For biomedical applications, UCNPs designed with nanocomponents that are degradable and have small sizes of less than 5.5 nm required for kidney clearance are highly desirable. It is essential for the body that UCNPs be removed harmlessly from the body in a reasonable time after performing the diagnostic or therapeutic function. However, all existing UCNPs are chemically stable and physiologically inert crystal lattices.

In a previous study, biodegradable UCNCs K₃ZrF₇:Yb/Er were reported, but have disadvantages that the biodegradation time was only 8 hours and the upconversion luminescent (UCL) efficiency was very low. Therefore, it is necessary to design biodegradable UCNPs with the longest biodegradation time and high UCL efficiency.

SUMMARY

The disclosure is to provide a biodegradable upconversion nanoparticle (UCNP) with a long biodegradation time and high UCL efficiency for biomedical applications and a method for producing the same.
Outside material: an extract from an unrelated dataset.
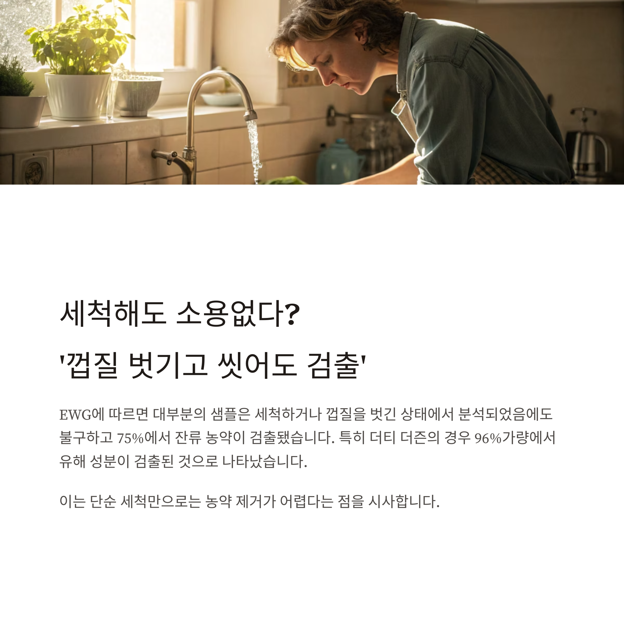 이는 단순 세척만으로는 농약 제거가 어렵다는 점을 시사합니다.

The aspect of the disclosure is not limited to that mentioned above, and other aspects not mentioned will be clearly understood by those skilled in the art from the description below.

According to an example, provided is a biodegradable upconversion nanoparticle with a core-double shell structure, including: a core layer; an inorganic host matrix outer shell layer; and a transition layer positioned between the core layer and the outer shell layer and functioning as an energy transfer network, wherein the core layer, the outer shell layer, and the transition layer include nanoparticles doped with lanthanide ions, and are biodegradable, and the size of the core layer is larger than the sizes of the outer shell layer and the transition layer.
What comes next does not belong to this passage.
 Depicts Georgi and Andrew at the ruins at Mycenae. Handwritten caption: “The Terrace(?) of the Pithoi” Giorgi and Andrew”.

The core of the upconversion nanoparticles (UCNPs) consists of a degradable Na₃ZrF₇matrix doped with Yb, Er/Tm, and Ca. This core emits upconversion luminescence (UCL) due to the activator ions Er/Tm, which are partially incorporated into the soft host matrix.
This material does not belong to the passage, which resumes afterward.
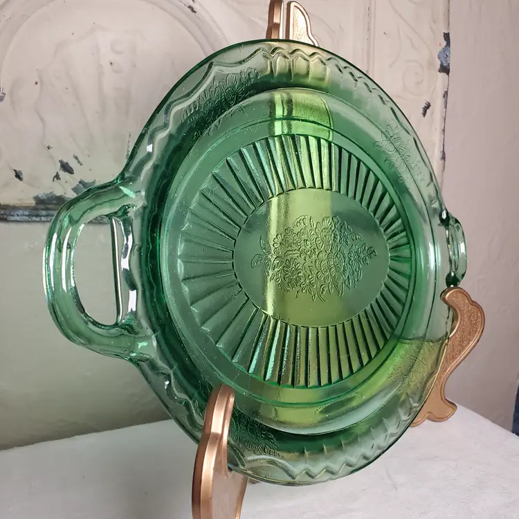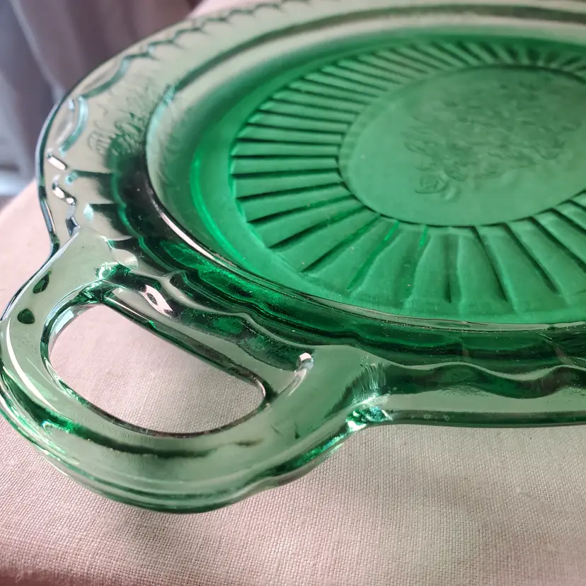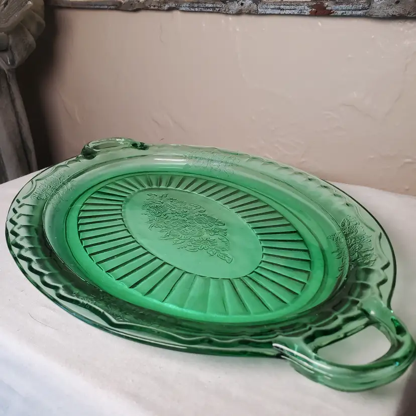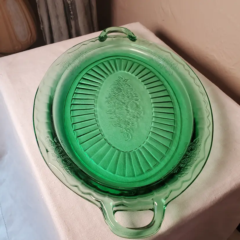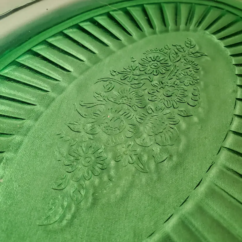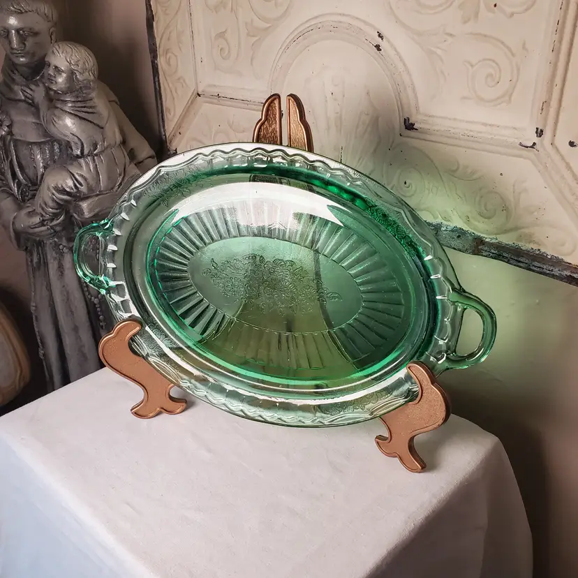 Stunning small green glass platter. 8 7/8" x 13 7/8"

The middle layer, or transition layer, is composed of NaYF₄doped with Yb and Ca. The presence of a moderate concentration of Yb in this layer facilitates efficient energy migration between the outer shell and the degradable core, helping to prevent undesired quenching effects from Nd/Yb in the outer shell.

The outer shell layer features a high concentration of Nd/Yb sensitizers within a NaY/NdF₄matrix, also incorporating Ca. This composition is designed to absorb a high amount of near-infrared (NIR) radiation, thereby enhancing the UCL intensity.

According to another example, provided is a method for producing a biodegradable upconversion nanoparticle with a core-double shell structure, the method including: producing a first mixture by dissolving a calcium salt, a zirconium salt, and a lanthanide ion precursor in an organic solvent containing a fatty acid; dispersing the first mixture in an organic solvent containing cyclohexane; producing a second mixture by mixing a calcium salt, a yttrium salt, and a lanthanide ion precursor; adding the dispersed first mixture to the second mixture; and removing the solvent.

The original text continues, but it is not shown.